It’s been five months since the first chapter of King’s Quest came out, and though it maintains the same charm, abundance of character, and clever puzzles of the previous chapter, “Rubble Without a Cause” does little to justify the long wait. Still told in a framed narrative, the aging king of Daventry telling stories of his youth to his granddaughter, the story he is telling skips ahead a few years (I assume). Where chapter one ended with Graham securing his place as a knight, chapter two picks up shortly after he is appointed king for some reason. This disconnect is likely the weakest part of the episode as a whole.

While there is nothing wrong with King’s Quest wanting to tell stand-alone stories set in the same world as, and inspired by, the original games, knowing those original games should not be a prerequisite for being able to follow the new story. King’s Quest needs to be able to stand on its own, along with also being a call back to the previous titles. As it is however, it just feels like there was an important part of the story missing, something that I would have enjoyed being able to hear about and play through.

In much the same way, while it was great seeing many of the characters return from the first chapter, none of my choices in that first chapter felt as if they mattered all that much. A few references to past events here and there was nice, but overall, “Rubble Without a Cause” was a separate experience from “A Knight to Remember,” a step back given that the first episode’s strength came from how well it mixed modern trends with old-school puzzle adventure game mechanics.

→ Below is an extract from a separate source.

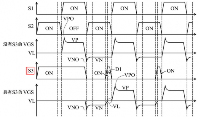 另外,專利中還給出如下圖所示的另一種控制開關S3的方案,除了在驅動電路啟動的時間之外,開關S3在每次S2導通之后且S1導通之前的階段會被導通,使得晶體管的VGS電壓從負電壓恢復到低電平VL的狀態(tài),且S3的導通時長可以被設計得比下圖中的更長(專利說明書中附圖5的補充方案)。雖然專利中未明確該方案的作用,但從其波形圖中可知,這樣控制一方面能降低晶體管導通瞬間的電壓變化率dv/dt,另一方面如果開關S3每次導通周期更長,則能降低驅動電路的功率損耗。

This step backwards from that perfect mixture is actually what characterized a lot of “Rubble Without a Cause.” Running about three hours, around half the time of chapter one for me, chapter two tells the story of how Graham and all of his subjects were kidnapped by goblins. The entirety revolves around Graham’s escape, a much smaller, more laser focused story that only ever let’s you explore the inside of the goblin caves with a singular goal, a far cry from the multitude of settings and things to do in the previous chapter.

While doing something radically different, laying a resource/ time management system on top of the already clever puzzle design, “Rubble Without a Cause” unfortunately didn’t feel quite like the adventuresome quest of the first chapter, and more a single puzzle room to break out from. Add on to this an uncharacteristically dark punishment for failure, and I found myself agonizing over the puzzles at times, instead of simply enjoying them. The sense of discovery and challenge is still there, as it was a true joy to figure out how to break out of the goblin prison, but the lack of fun lightheartedness did leave something to be desired.


It’s important to remember that none of these shortcomings made “Rubble Without a Cause” particularly bad. The second episode of King’s Quest is still absolutely gorgeous, even the dark goblin caves made to look beautiful in the game’s painting-like art style. The puzzles are still complex and fun. The characters are still endearing and sweet. It is really just in comparison to the stellar first chapter that “Rubble Without a Cause” doesn’t measure up.

In most every way, I did enjoy Graham’s second outing, a smile on my face throughout. But I can’t help feeling the episode was more stationed as pleasing filler, than an actual, meaty continuation of the first chapter that I loved so much. The chapter tries out some new ideas, which is of course welcome, but in the end leaves me wanting more than I can be entirely happy with.